- Dataset section
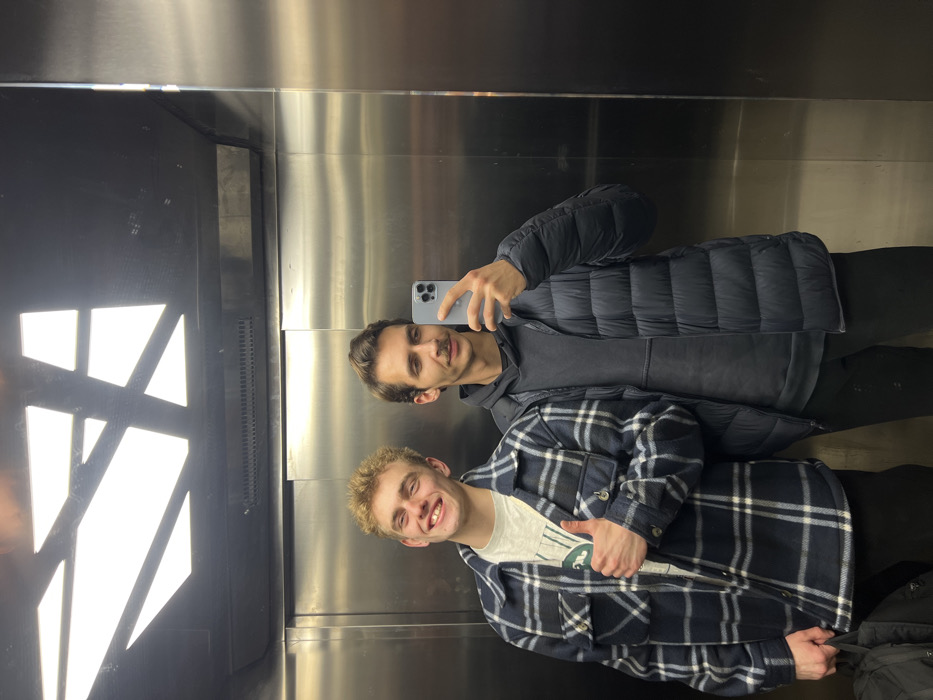 Two men are captured in a selfie within an elevator. One man, with dark hair and a slight mustache, holds the phone, wearing a dark puffer jacket over a dark shirt. The other man, with light, curly hair, gives a thumbs-up, clad in a navy and white checkered shirt over a light tee. The elevator features stainless steel walls and bright, geometric lighting on the left side. A bag is visible near the bottom of the frame.
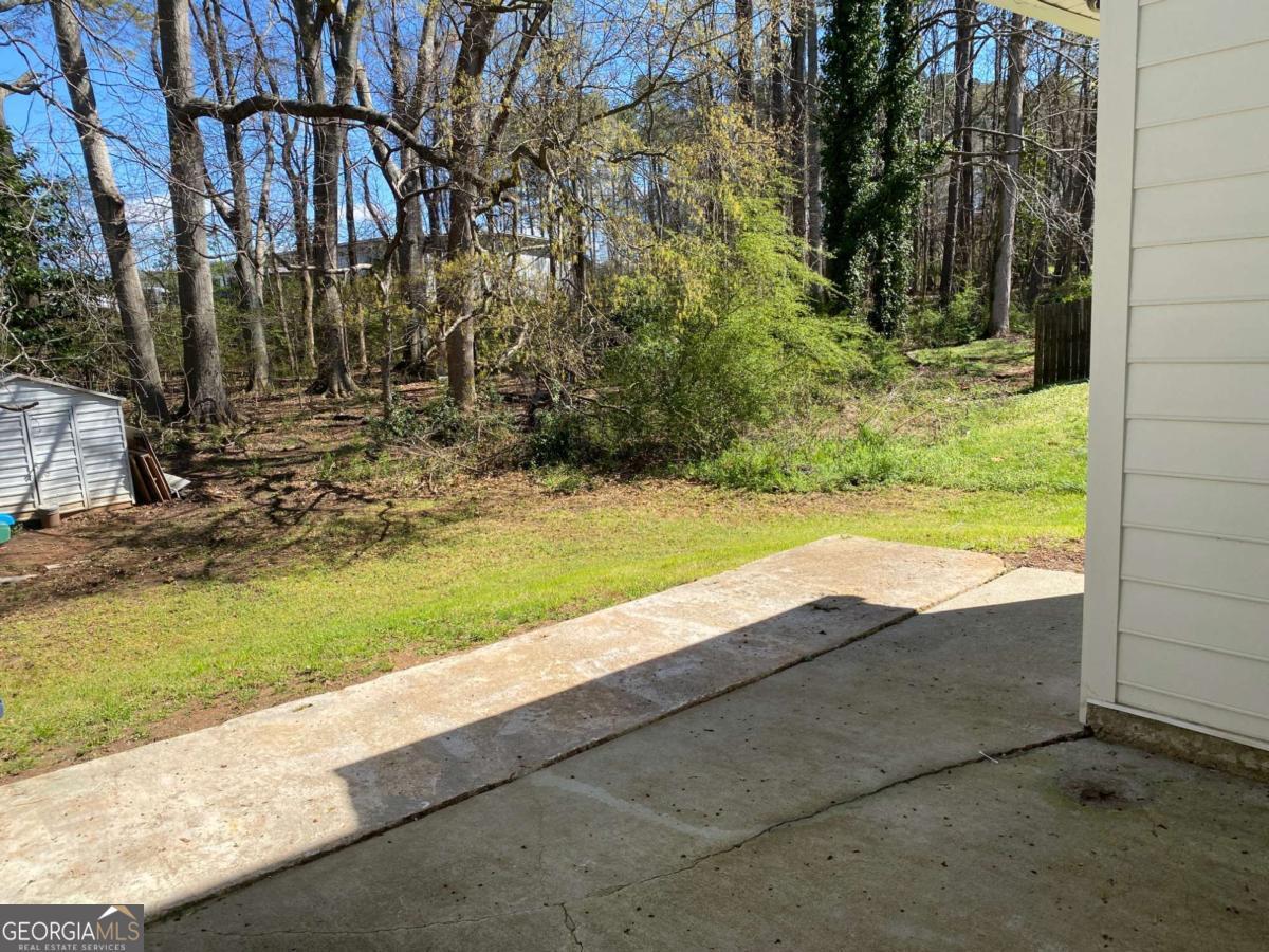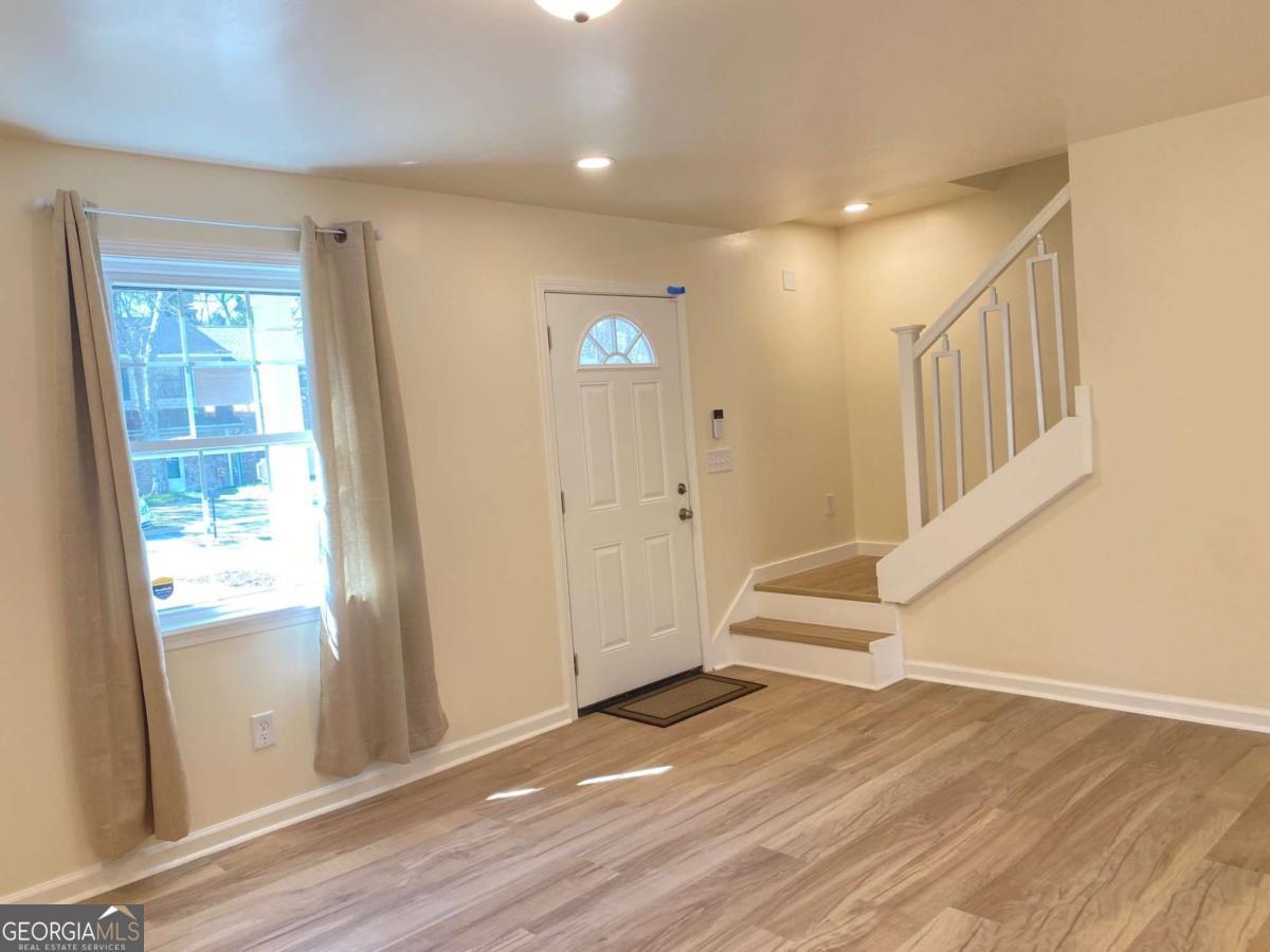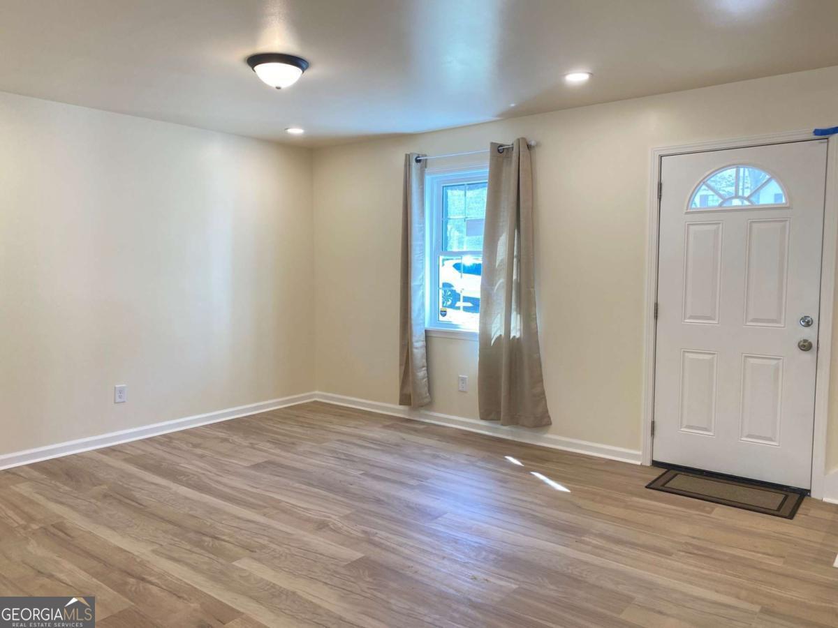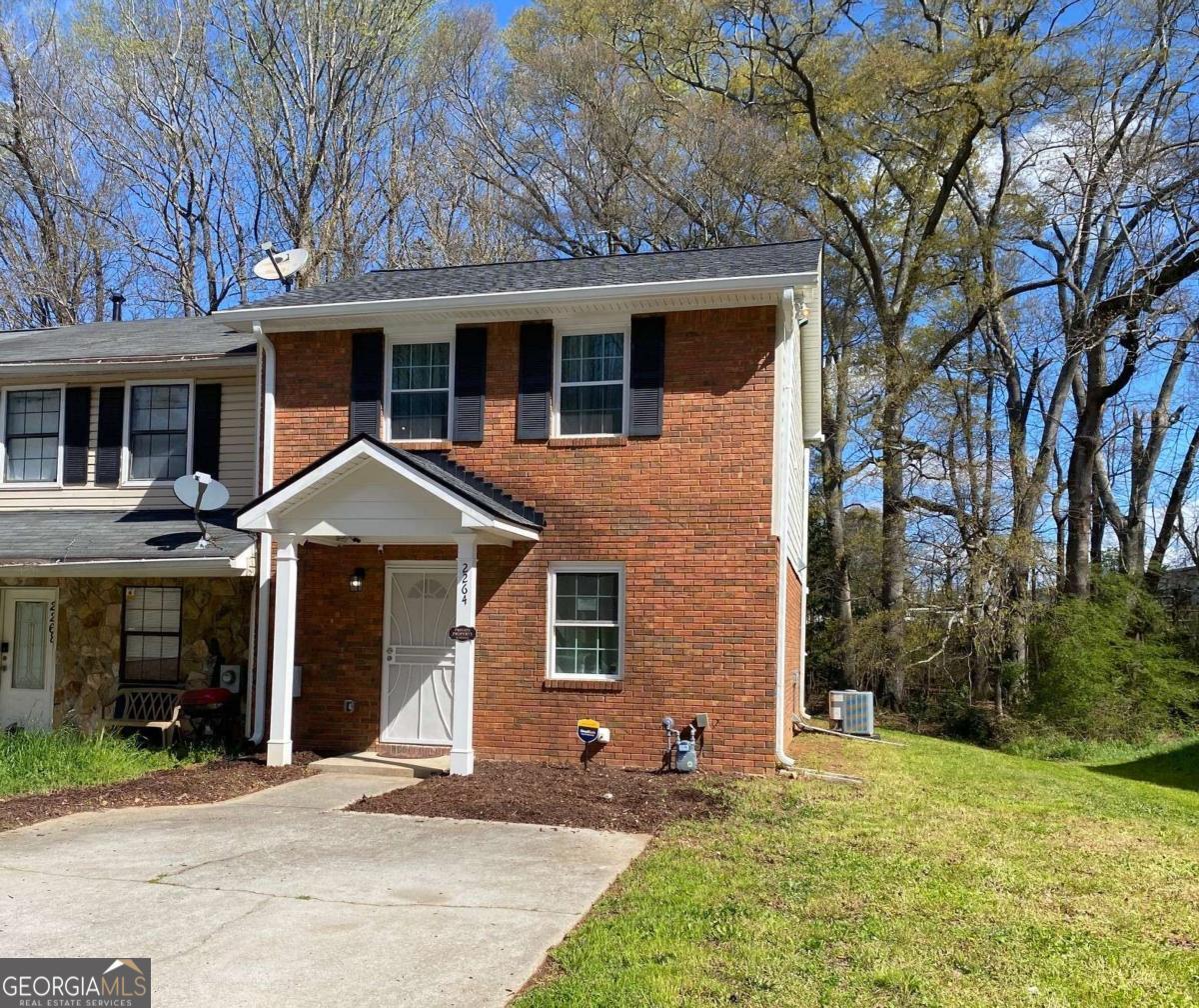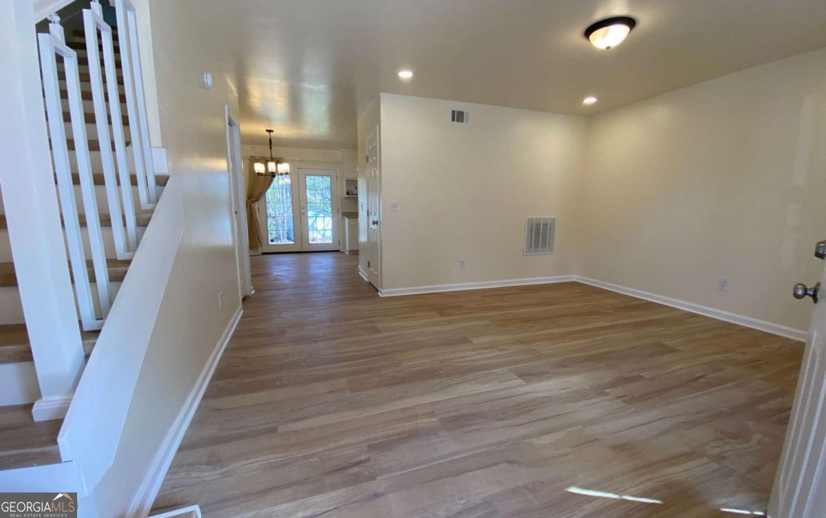Fully renovated end-unit townhome located in a desirable Austell community. This beautifully updated residence features a brick front and has been completely remodeled from top to bottom, including a new roof, drywall, paint, fixtures, windows, and appliances, offering a truly move-in-ready experience with modern, tasteful finishes throughout. The bright, white kitchen showcases solid surface countertops, stainless steel appliances, gas range and refrigerator. A generously sized pantry provides additional storage. Enjoy an open-concept dining area that flows seamlessly into a spacious living room, highlighted by a large picture window that fills the space with natural light. The home offers two generously sized bedrooms with ample closet space, along with a fully renovated bathroom featuring a new vanity and tub/shower combination. On site laundry hookup is set up for a stackable washer and dryer in the kitchen pantry. Step outside to a private back patio and take advantage of the additional outdoor storage. Lawn maintenance is included. The large backyard backs up to a peaceful wooded area, providing excellent privacy. Conveniently located with CobbLinc bus service at the front of the subdivision, and offering easy access to Veterans Memorial Highway, I-285, downtown Atlanta, and Hartsfield-Jackson Atlanta International Airport.
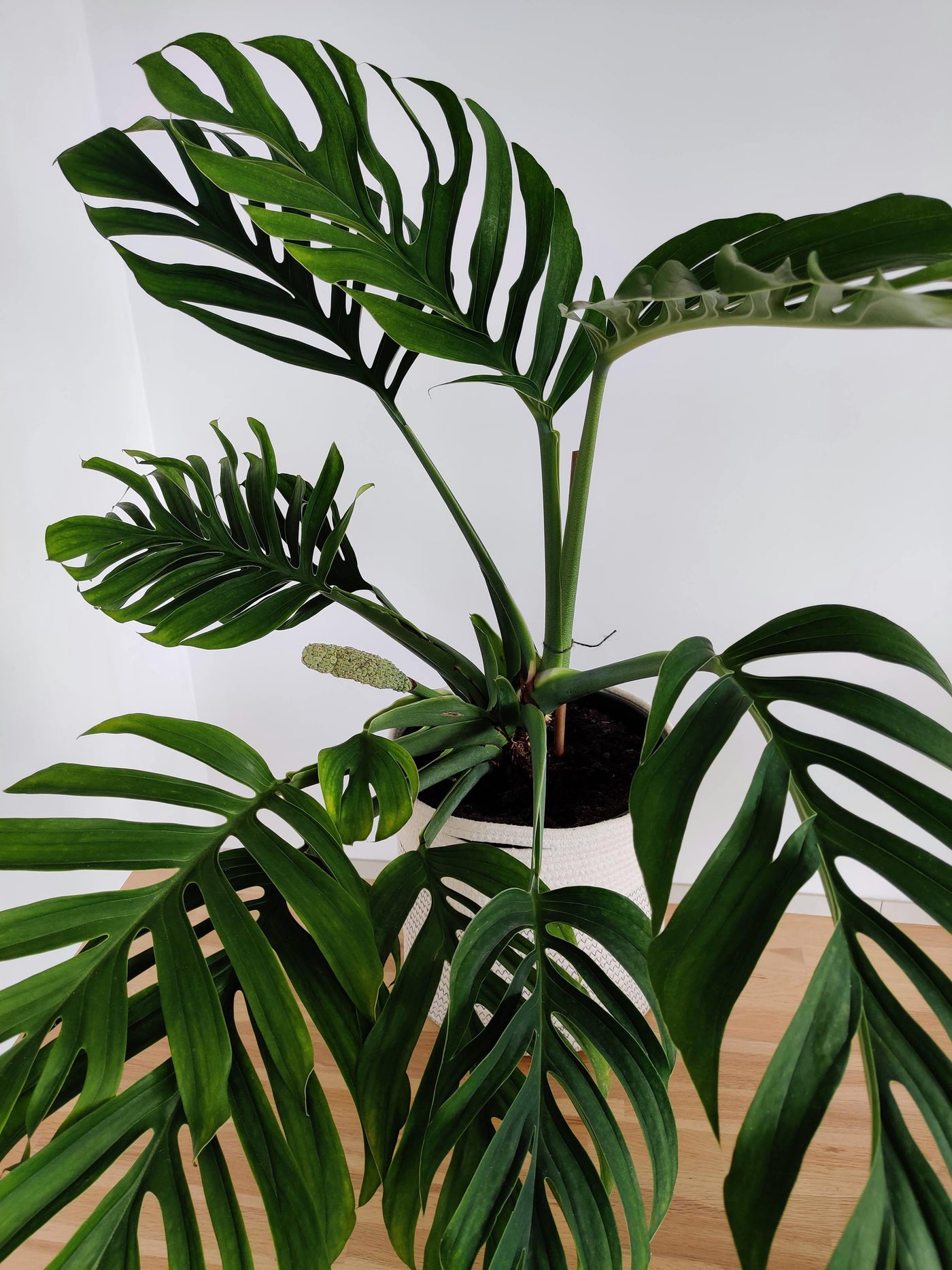 Philodendron pinnatipartita is an evergreen tropical climbing plant prized for its dramatic, deeply lobed leaves that become more fenestrated as it matures. The juvenile form has solid, heart-shaped leaves, while the mature form develops splits that reach almost all the way to the midrib. Despite being a rarer variety of aroid, it is relatively simple to care for and is a popular choice among plant collectors.

- What you need to do
Emit an exact copy of the lines from the line bearing "Fully renovated end-unit" through the last line above, inclusive, and leave the images out.

- Answer space
Fully renovated end-unit townhome located in a desirable Austell community. This beautifully updated residence features a brick front and has been completely remodeled from top to bottom, including a new roof, drywall, paint, fixtures, windows, and appliances, offering a truly move-in-ready experience with modern, tasteful finishes throughout. The bright, white kitchen showcases solid surface countertops, stainless steel appliances, gas range and refrigerator. A generously sized pantry provides additional storage. Enjoy an open-concept dining area that flows seamlessly into a spacious living room, highlighted by a large picture window that fills the space with natural light. The home offers two generously sized bedrooms with ample closet space, along with a fully renovated bathroom featuring a new vanity and tub/shower combination. On site laundry hookup is set up for a stackable washer and dryer in the kitchen pantry. Step outside to a private back patio and take advantage of the additional outdoor storage. Lawn maintenance is included. The large backyard backs up to a peaceful wooded area, providing excellent privacy. Conveniently located with CobbLinc bus service at the front of the subdivision, and offering easy access to Veterans Memorial Highway, I-285, downtown Atlanta, and Hartsfield-Jackson Atlanta International Airport.
 Philodendron pinnatipartita is an evergreen tropical climbing plant prized for its dramatic, deeply lobed leaves that become more fenestrated as it matures. The juvenile form has solid, heart-shaped leaves, while the mature form develops splits that reach almost all the way to the midrib. Despite being a rarer variety of aroid, it is relatively simple to care for and is a popular choice among plant collectors.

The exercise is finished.